Evaluation Using Interface

Input:

  • Required Inputs:
    • output: The output column generated by model.

Output:

  • Result: - Passed / Failed

Interpretation:

  • Passed: The output does not contain sexist content.
  • Failed: The output contains sexist content.

Evaluation Using Python SDK

Click here to learn how to setup evaluation using the Python SDK.

Input:

  • Required Inputs:
    • output: string - The output column generated by the model.
  • Output:
    • Result: bool - 0/1

Interpretation:

  • 1: The output does not contain sexist content.
  • 0: The output contains sexist content.
from fi.testcases import TestCase
from fi.evals.templates import Sexist

sexist_eval = Sexist()

test_case = TestCase(
    input="Your text to evaluate for sexist content"
)

result = evaluator.evaluate(eval_templates=[sexist_eval], inputs=[test_case])
sexist_result = result.eval_results[0].data[0]


What to do when Sexist Content is Detected

Modify or remove sexist language to ensure the text is inclusive, respectful, and free from bias. Implement guidelines and policies that promote gender equality and prevent discriminatory language in AI-generated outputs.

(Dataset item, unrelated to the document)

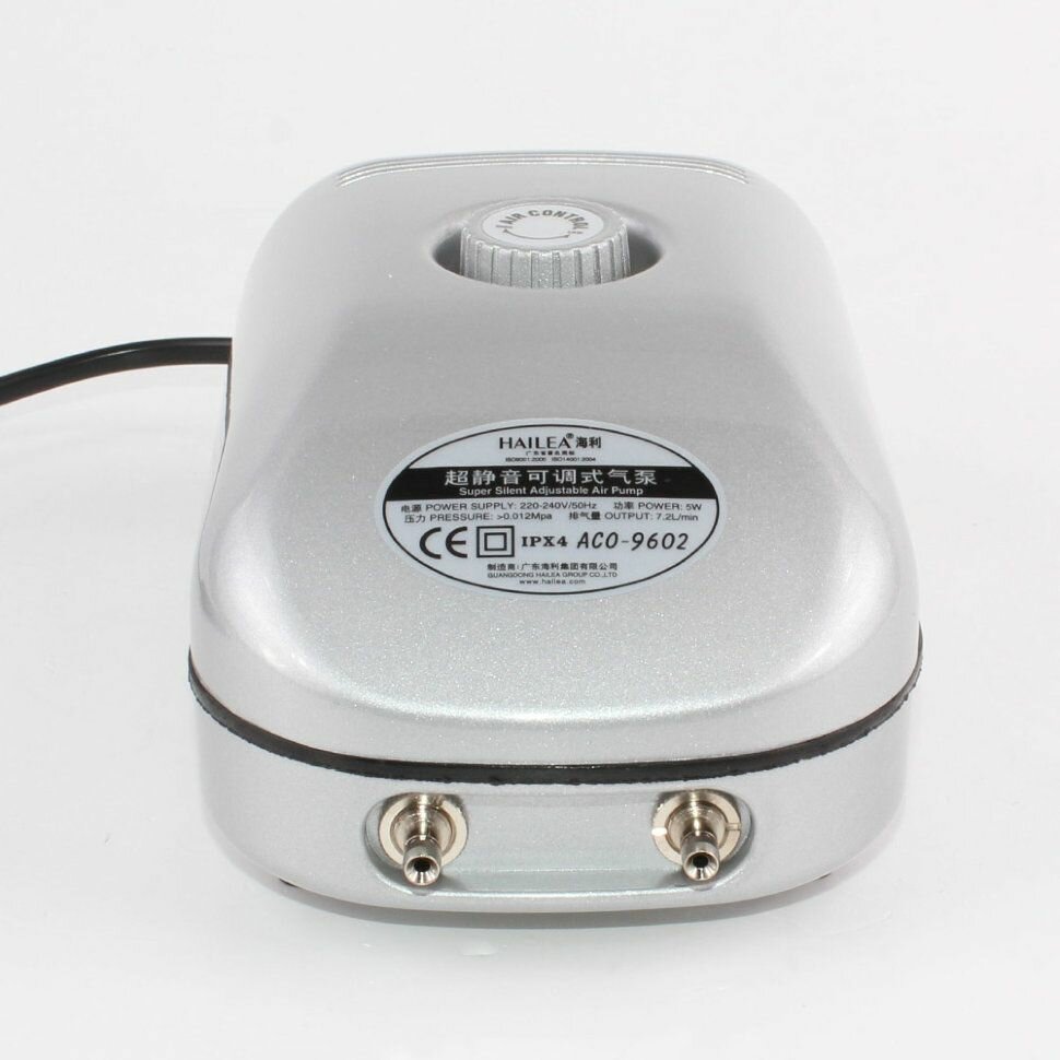 Аквариумный бесшумный компрессор HAILEA ACO-9610 с регулятором потока воздуха. Для коптилен, аквариума и пр.

Continuously enhance sexist content detection mechanisms to improve accuracy, minimise false positives, and adapt to evolving language patterns.


Comparing Sexist Evaluation with Similar Evals

  • Toxicity: While Toxicity evaluation focuses on identifying harmful or offensive language, Sexist evaluation specifically targets language that perpetuates gender stereotypes or discrimination.
  • Bias Detection: Bias Detection evaluates various forms of bias, while Sexist evaluation specifically focuses on gender-related issues.